Hi,
If I am not mistaken, there are two types of trainers in the library. The standard trainer and the seq2seq trainer.
It seems that the Trainer works for every model since I am using it for a Seq2Seq model (T5).
MY question is: What advantages does seq2seq trainer have over the standard one?
And why does not the library handle the switch in the background or does it?
I mean that the user can use Trainer all the time and in the background, it will be a seq2seqtrainer if the corresponding model needs it.
Thank you!
7 Likes
Hi @berkayberabi
You are right, in general, Trainer
can be used to train almost any library model including seq2seq.
Seq2SeqTrainer
is a subclass of Trainer
and provides the following additional features.
- lets you use
SortishSampler
- lets you compute generative metrics such as BLEU, ROUGE, etc by doing generation inside the evaluation loop.
The reason to add this as a separate class is that for calculating generative metrics we need to do generation using the .generate
method in the predict step which is different from how other models to prediction, to support this you need to override the prediction related methods such as (prediction_step
, predict
) to customize the behaviour, hence the Seq2SeqTrainer
.
Hope this answers your question.
9 Likes
hi @valhalla
Thanks a lot for your fast reply.
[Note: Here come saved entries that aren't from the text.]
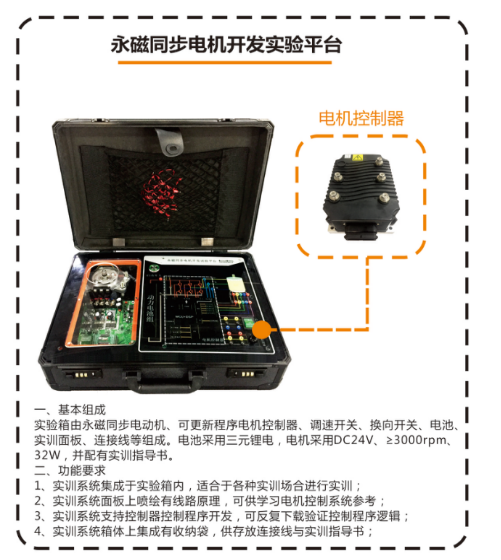 一、產(chǎn)品功能: 基于純電動汽車永磁電機控制系統(tǒng),采用永磁直流電機、電機驅(qū)動器、智能工況模擬系統(tǒng)、動力電池系統(tǒng)、整車控制器系統(tǒng)、組合儀表、系統(tǒng)工作參數(shù)顯...
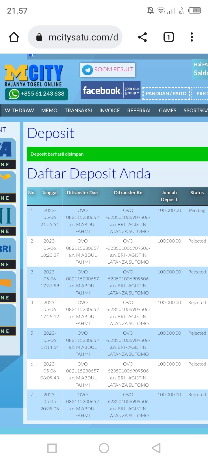 Padahal saya sudah transfer ke rekening BRI dari ovo
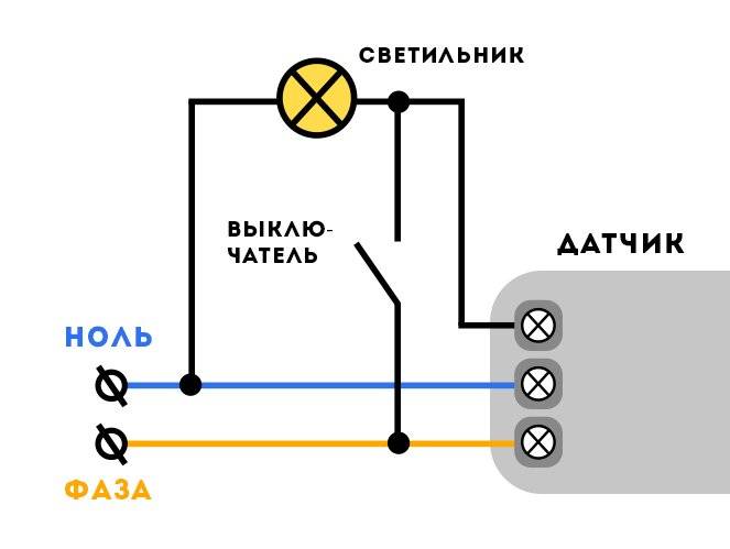 À condition que, en plus du capteur, il soit nécessaire de connecter des appareils supplémentaires, tels qu'une minuterie ou un détecteur de mouvement, ils se trouvent dans le réseau de connexion après la cellule photoélectrique. Dans ce cas, l'ordre d'installation de la minuterie ou du détecteur de mouvement n'a pas d'importance.

I understand the needs. I am using my own methods to compute the metrics and they are different the common ones. So it would not be relevant for me as far as I understand
1 Like
Indeed. Also note that some of the specific features (like sortish sampling) will be integrated with Trainer at some point, so Seq2SeqTrainer
is mostly about predict_with_generate
.
6 Likes
or @sgugger @valhalla. Correct me if I a wrong, but one should be perfectly fine using Seq2SeqTrainer
to train decoder only models if they wish to compute custom metrics which require the generated token sequences? I have just given a read to the Seq2SeqTrainer implementation in 4.35.2 and I see the custom prediction_step
implementation discussed above. It seems the above should work with both types of transformers, with the only custom logic for encoder-decoder models being
# If the `decoder_input_ids` was created from `labels`, evict the former, so that the model can freely generate
# (otherwise, it would continue generating from the padded `decoder_input_ids`)
if (
"labels" in generation_inputs
and "decoder_input_ids" in generation_inputs
and generation_inputs["labels"].shape == generation_inputs["decoder_input_ids"].shape
):
generation_inputs = {
k: v for k, v in inputs.items() if k not in ("decoder_input_ids", "decoder_attention_mask")
}
I think I was a bit confused in thinking that Seq2SeqTrainer
is what you use to train “sequence-to-sequence” transformers (aka encoder-decoder architectures) but in fact it’s just a nifty subclass we can use to train both types of models if we wish to predict output sequences for computing sequence level metrics (eg BLEU and friends). Correct me if I’m wrong
1 Like